The scope and audience of The Recovery of Family Life are unclear. The book comes shrink-wrapped with stickers and a postcard; its official hashtag, #recoverfamily, has five tweets, three from its own account; its website, yenorbook.com, is complete with discussion guides as well as cute infographics and animations. Just whom is this book for? All this (quite visually appealing) marketing targets the right-wing college activist, but I am unsure that Yenor should want to keep the company of Charlie Kirk, Ben Shapiro, and Dennis Prager. The college culture-warrior will perhaps be disappointed to buy The Recovery of Family Life and discover a lengthy philosophic engagement with Beauvouir, and the student craving this will not think to buy it.
One gets the sense that this book wants to be a philosophy book called The Rolling Revolution — and perhaps it should be. As it stands, it is a quirky book called The Recovery of Family Life that attaches a tonally inconsistent cultural campaign to its strong theoretical core. I might just be a cynic; perhaps its marketing will draw young people to think about sex and family life more seriously. Fingers crossed!

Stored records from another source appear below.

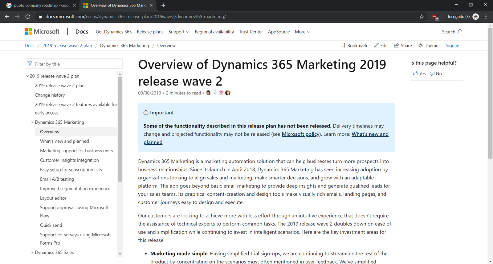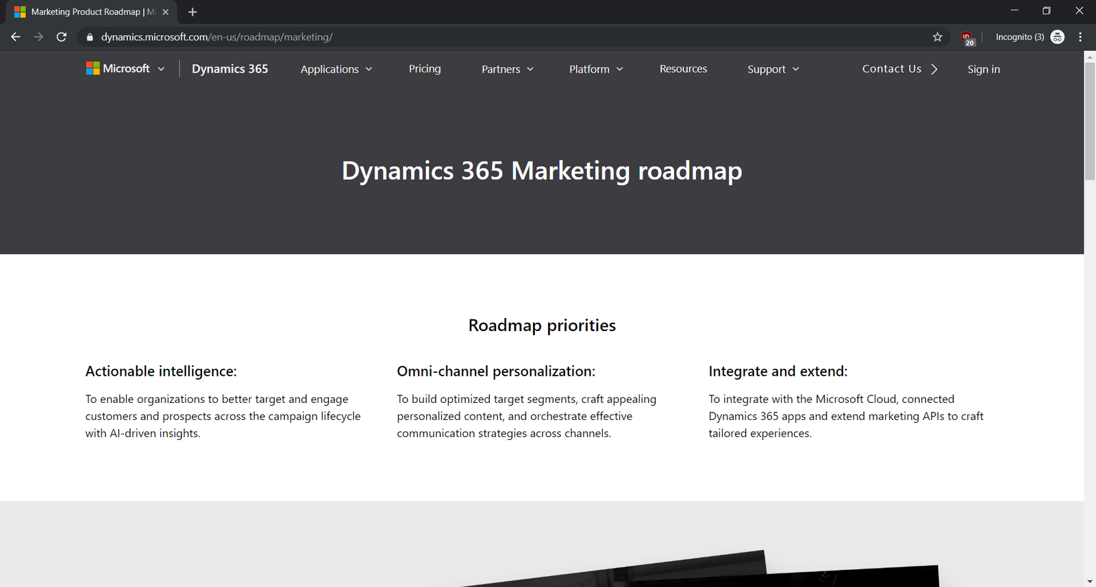 Some products are so complex that they have multiple roadmaps. Microsoft Dynamics 365, a tool for sales teams, breaks their roadmaps apart by the teams and feature areas of the product. This makes it easier for specific users to know how the changes will impact them.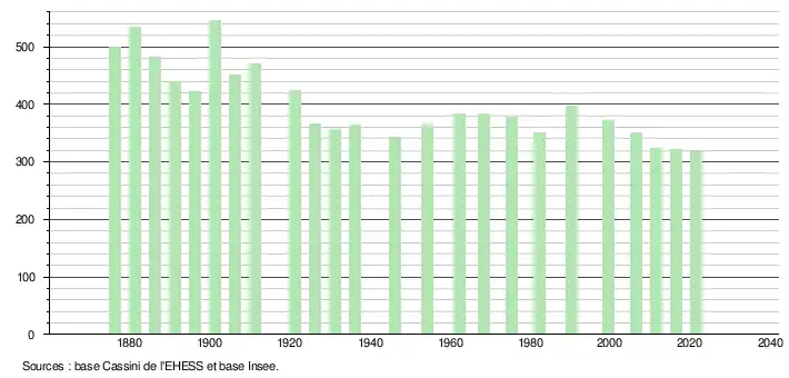 L'évolution du nombre d'habitants est connue à travers les recensements de la population effectués dans la commune depuis 1876. Pour les communes de moins de 10 000 habitants, une enquête de recensement portant sur toute la population est réalisée tous les cinq ans, les populations légales des années intermédiaires étant quant à elles estimées par interpolation ou extrapolation[18]. Pour la commune, le premier recensement exhaustif entrant dans le cadre du nouveau dispositif a été réalisé en 2006[19].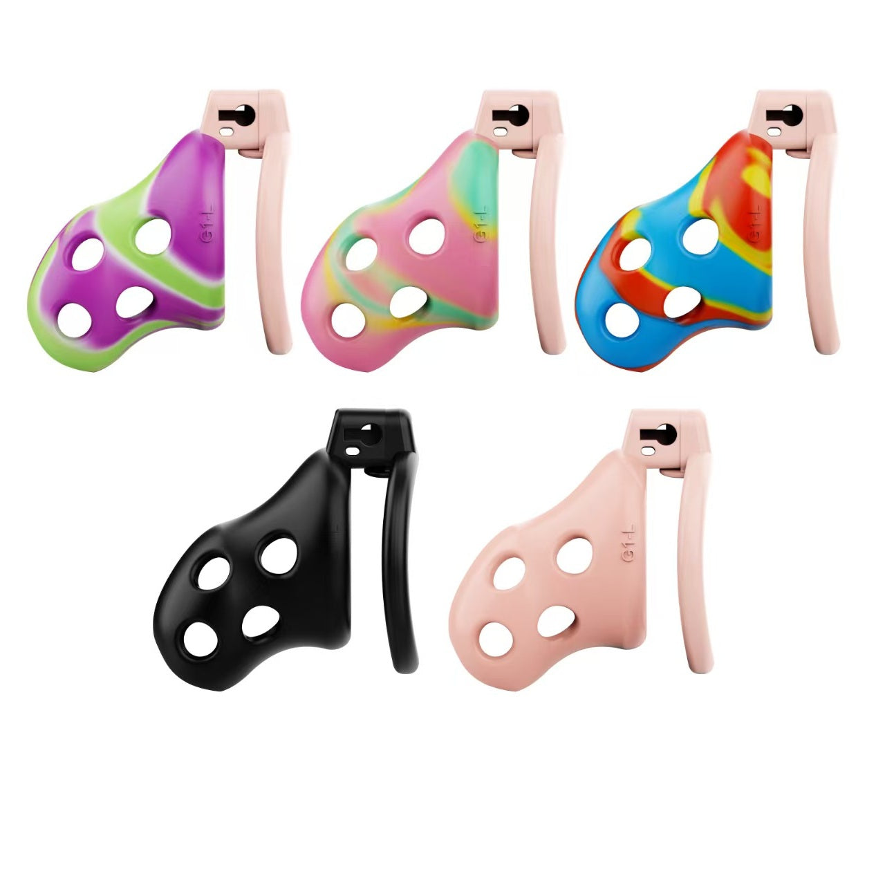 Our Breathable Soft Rubber Cock Cage provides optimum comfort and security. It is meticulously created from a high, skin-safe silicone rubber and provides a particularly flexible and pleasant sensation against the skin, avoiding the discomfort caused by hard materials. The revolutionary perforated design allows for optimal ventilation, enhancing hygiene and long-term wearability by keeping the area cool and dry. Its lightweight design and ergonomic shape ensure a discreet, second-skin fit for everyday activities. For those looking for a comfortable, sanitary, and dependable introduction to chastity, this cage strikes the ideal blend of gentle security and breathable confinement.

Be that as it may, the true virtue of this book is its methodology. Those interested in restoring the mores of an ailing nation should take a page from Yenor’s playbook. Stop quibbling in the anodyne language of the new dispensation and start using the nutritive language of classical political science. Move away from the reflexive irony of indulgent take-downs and toward positive cases for healthy forms and institutions. Show that tradition is manly, moderate, and — dare I say it? — progressive, and perhaps you will win.
While I wish The Recovery of Family Life great success, it does not shake my old fear. Benefited by books like these, we and our friends will praise the beauty of the family and critique Beauvoir and Butler — God willing, we will start families of our own — but all around us, robotically, inexorably, the rolling revolution will roll on.